Il a ainsi décidé d'abolir cette année un système de quotas mis en place dans les années 1970 pour protéger cet ingrédient vénéré au point d'être utilisé dans certains rites shintoïstes.
Jusqu'à présent, l'État subventionnait les riziculteurs qui acceptaient de limiter leur production en-dessous d'un certain seuil, afin d'éviter la surabondance d'offre et donc de stabiliser les prix.
Cette politique de contrôle appelée "gentan" a cependant contribué à faire de la riziculture une profession peu rentable, dont il est impossible de vivre. Parmi les 705.000 riziculteurs de l'archipel, quasiment 8 sur 10 le sont à temps partiel.

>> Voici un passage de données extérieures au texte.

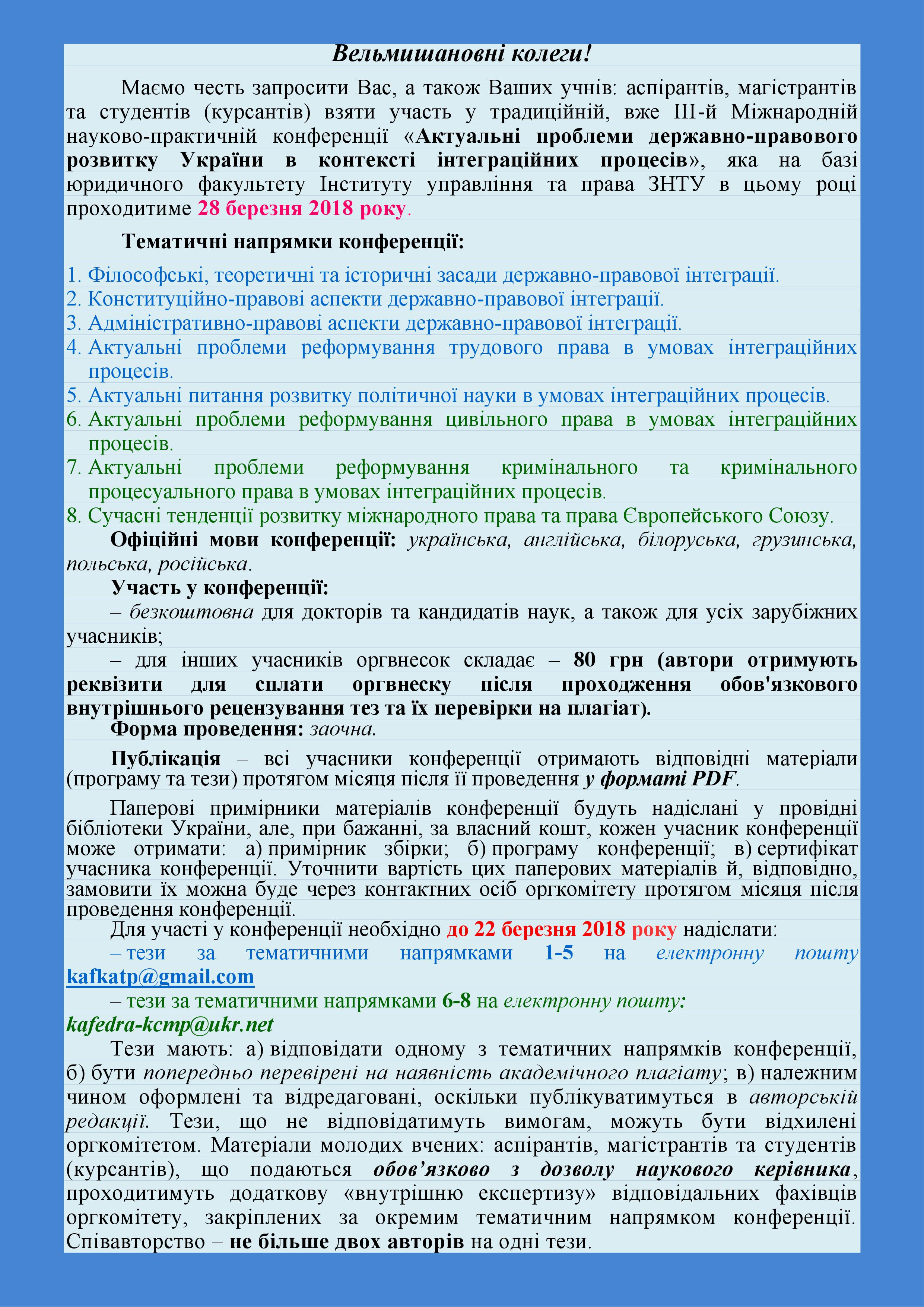 Запрошуємо до участі у ІІІ-й Міжнародній науково-практичній конференції «Актуальні проблеми державно-правового розвитку України в контексті інтеграційних процесів».

M. Abe n'a en revanche pas osé toucher à la délicate question des taxes douanières très élevées sur le riz (plus de 700%). Il a défendu leur maintien dans le cadre des négociations commerciales, qu'il s'agisse du pacte de libre-échange transpacifique signé par 11 pays de la région Asie-Pacifique (TPP) ou encore de l'accord conclu avec l'Union européenne (Jefta).
Mais la donne risque d'être différente face aux États-Unis, et les experts jugent que le Japon pourrait être obligé de faire des concessions sur les produits agricoles pour éviter de dangereuses taxes sur l'automobile.
- "Pas brillant" -
L'agriculture est "à un tournant", selon les propos de Ken Saito, ministre de l'Agriculture jusqu'à un récent remaniement. "Plus que jamais, les agriculteurs doivent se mettre au diapason du marché."
Il existe des centaines de variétés de riz japonais, un riz court, rond et collant une fois cuit. La famille Ogura est spécialisée dans le riz Koshihikari, qu'elle vend 300 yens (2,3 euros) le kilogramme.
Mais la consommation de riz a fondu de moitié ces 50 dernières années au Japon: elle est tombée à 54,6 kg par personne en 2015, à comparer à un pic de 118,3 kg en 1963, d'après les chiffres du ministère de l'Agriculture.
"L'avenir n'est pas brillant", estime Mitsuyoshi Ando, expert du secteur à l'Université de Tokyo. "Il faut que les agriculteurs améliorent leur compétitivité, notamment en produisant à grande échelle", un pari impossible cependant dans les régions montagneuses où ont lieu 40% des récoltes.
Dans tous les cas, "le nombre de ceux qui pourront survivre (en tant que riziculteurs) sera limité car la consommation de riz ne remontera jamais" alors que les goûts s'occidentalisent, prédit-il.
Mais Kazuo Ogura n'est pas de cet avis. "Le Japon est un pays fait pour l'agriculture. Il pleut modérément, les températures changent au gré des différentes saisons", dit-il. Et "la cuisine traditionnelle japonaise est réputée dans le monde entier. Nous pouvons en tirer profit."